Individual data values follow the JSON representations where possible. JSON exposes the following types: number, string, array, object, true, false, null. Crunch adds additional types with special syntax (see Types, below). Examples:
- 13
- 45.330495
- “foo”
- [3, 4, 5]
- {“bar”: {“a”: [12.4, 89.2, 0]}}
- true
- null
- “2014-03-02T14:29:59Z”
Because a single JSON type may be used to represent multiple Crunch types, you should never rely on the JSON type to interpret the class of a datum. Instead, inspect the type object (see below) to interpret the data.
Missing values
Crunch provides a robust “missing entries” system. Anywhere a (valid) data value can appear, a missing value may also appear. Missing values are represented by an object with a single “?” key. The value is a missing integer code (see Missing reasons, below). Examples:
- {“?”: -1}
- {“?”: 24}
Arrays
A set of data values (and/or missing values) which are of the same type can be ordered in an array. All entries in an array are of the same Crunch type.
Examples:
- [13, 4, 5, {“?”: -2}, 7, 2]
- [“foo”, “bar”]
Enumerations
Some arrays, rather than repeating a small set of large values, benefit from storing a small integer code instead, moving the larger values they represent into the metadata, and doing lookups when needed to encode/decode. The “categorical” type is the most common example of this: rather than store an array of large string names like [“Internet Explorer”, “Internet Explorer”, “Firefox”, …] it instead stores integer codes like: [1, 1, 2], placing the longer strings in the metadata as type.categories = [{“id”: 1, “name”: “Internet Explorer”, …}, …]. We call this encoding process enumeration, and its opposite, where the coded are re-expanded into their original values, elaboration.

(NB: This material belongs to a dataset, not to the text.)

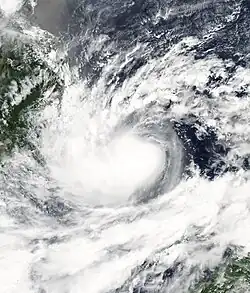 Several hours before making landfall along the western coast of Luzon on May 7, an eye-feature began to develop. Satellite imagery depicted a depression in the cloud cover over the center of circulation as well as a broken ring of deep convection.[5] In light of this information, the JTWC assessed Chan-hom to have reached its peak intensity at this time, packing sustained winds of 160 km/h (99 mph) and an estimated barometric pressure of 956 mbar (hPa; 28.23 inHg).[4] However, the JMA stated that the typhoon was slightly weaker, having maximum winds of 120 km/h (75 km/h) and a pressure of 975 mbar (hPa; 28.79 inHg).[2] Just prior to crossing the coastline, the storm began to weaken as wind shear increased. Within hours of moving over the mountainous terrain of northern Luzon, the cyclone quickly diminished. The low-level circulation became detached from convection and pressure readings over land indicated a minimum pressure around 1004 mbar (hPa; 29.65 inHg). Although wind shear remained at unfavorably high levels,[5] Chan-hom maintained tropical storm intensity through its crossing of Luzon through the end of May 8.[2][4]
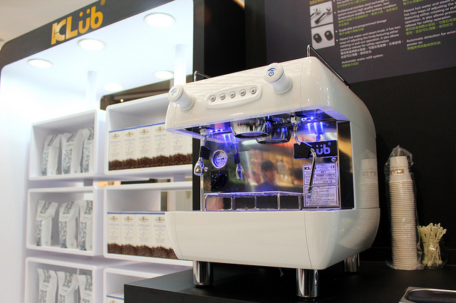 這台有著珍珠白鋼琴烤漆般亮眼外型的,是由誼丰精機所製造的 KLUB RF1 單孔義式咖啡機,過去幾年世貿咖啡展都以鮮茶機為主力的這間公司,今年主推的是家用市場接受度高的單孔機,末端售價平實近人,展場價是連大叔都心動不已的三萬八千元啊!

Enumeration also provides the opportunity to order the possible values, as well as include potential values which do not yet exist in the data array itself.
Enumeration typically causes the volume of data to shrink dramatically, and can speed up very common operations like filtering, grouping, and almost any data transfer. Because of this, it is common to:
- Enumerate a data array as early as possible. Indeed, when a variable can be enumerated, the fastest way to insert new data is to send the new values as the integer codes.
- Elaborate a data array as late as possible. As long as the metadata is shipped along with the enumerated data, the transfer size and therefore time is much smaller. Many cases do not even call for a complete elaboration of the entire column.